CL: In some ways, my position as an outsider helped me to broach the aftermath of the war in new and different ways. Josip Novakovich talks in the afterword to Infidelities about the reluctance of people in the former Yugoslavia to talk or write about the war. Though this has changed in recent years and has led many writers from those countries to write compelling novels about the war, I still felt I had something to say. Over the years, to aid my poor memory, I read dozens of history books on the subject and watched documentaries, and delved into tranches of original documents and news reports, and I talked with people from that area. Much of that information, though, never appears in the book. Instead, I focused more on the characters and the stories while hewing—as much as one can—to the historical, political, and cultural realities of the time.

DL: So much of the tension in your stories comes from the weight of the past pressing into a character’s present.
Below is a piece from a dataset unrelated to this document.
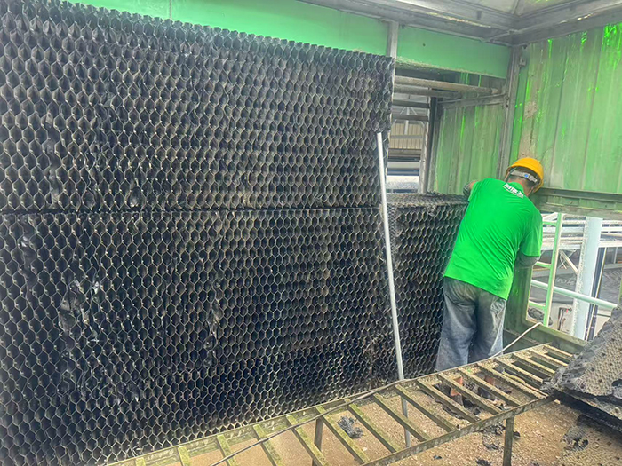 在拆除旧填料时,首先要确保安全操作,关闭电机电源,并小心地拆除冷却塔填料部位的拉筋。然后,逐步拆除旧填料,并彻底清理塔内的垃圾和杂物。

Moving back and forth through time can be tricky, but it can also enrich a narrative as it clearly does in your stories.

CL: Whenever possible, I try to eschew as much backstory as possible and instead focus the story on the present action. With the stories being set in former Yugoslavia and revolving around a major but little-known war, I tried to strike a balance of including information (in non-expository ways) that would help an American audience understand the ramifications of the war for the characters while also keeping the pacing tight and the stories interesting.

DL: Two of my favorite stories in The Distortions are epistolary. I’m thinking about “brb” (seemingly told through a long Instant Message) and “Sojourn (told through a more traditional letter). What I appreciate about both stories are their gestures toward the confessional. Do you have advice for writers who want to explore the epistolary form? Does a story told through a letter have special considerations?
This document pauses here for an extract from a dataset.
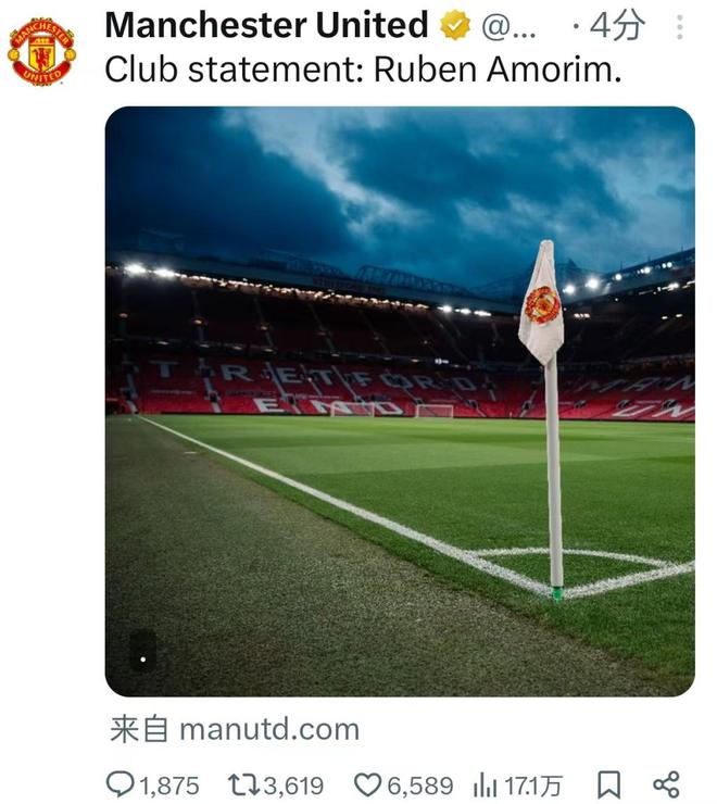 北京時間1月5日,曼聯(lián)在社交網(wǎng)站上發(fā)布聲明宣布,解雇現(xiàn)任主帥魯本·阿莫林。

CL: It’s funny. For me, “Sojourn,” is an imagined letter, not an actual one. The story reads and feels like a letter and perhaps contains a vestigial element of that form. The story, to me at least, has an uncertain form: part letter, part monological confession, part a story being told. The hybrid nature perhaps also reflects the vacillating nature and identity of the narrator. Similarly, “brb” uses misdirection about the narrator’s identity to say something about the stylized IM form. The intersection of the confession and the letter form, or variants thereof, often work well together. They allow a “natural” unfolding of thought on the page addressed to someone off it. For me, that is where the intimacy and magic of the epistolary form lie.

DL: I’ve been working on a collection of short stories for several years, and through that time, the manuscript keeps shifting. How long did it take you to write and shape these stories? What was the submission and publication process like for The Distortions?

CL: The earliest stories were drafted around 2014 and the latest around 2019. It was a long process of revision and then discarding the lesser stories (perhaps another six or seven). Some stories, like “brb,” emerged fully formed, with only minor edits later. Others, like “The Little Girls,” I rewrote several times over the years. I entered the manuscript into a handful of contests in late 2019 and early 2020, perhaps only five or six altogether, while constantly fine-tuning it the whole time. The collection won the Orison Fiction Book Prize in July 2020 and then underwent another year of refinement.

DL: What are you working on now?

CL: I’m working on two books. One is a sister project to The Distortions. Tentatively titled The Homeland War, it’s centered on two young men in Zagreb just before the outbreak of war. The novel explores toxic masculinity and social class and the football hooliganism endemic in the 1990s. The other book, currently untitled, examines the intersections of internet culture and the New York art scene. Stories from this collection are forthcoming in Cutleaf and in the Irish magazine, Banshee.

DL: Are there any opportunities coming up for readers to meet you or study with you via Zoom or in person?

CL: Yes, I teach online creative writing classes for The Writer’s Center in DC, and I take on private editing clients now and again. I’m also available for workshops and readings and so forth. I also have some more on the origins of the book over at Necessary Fiction.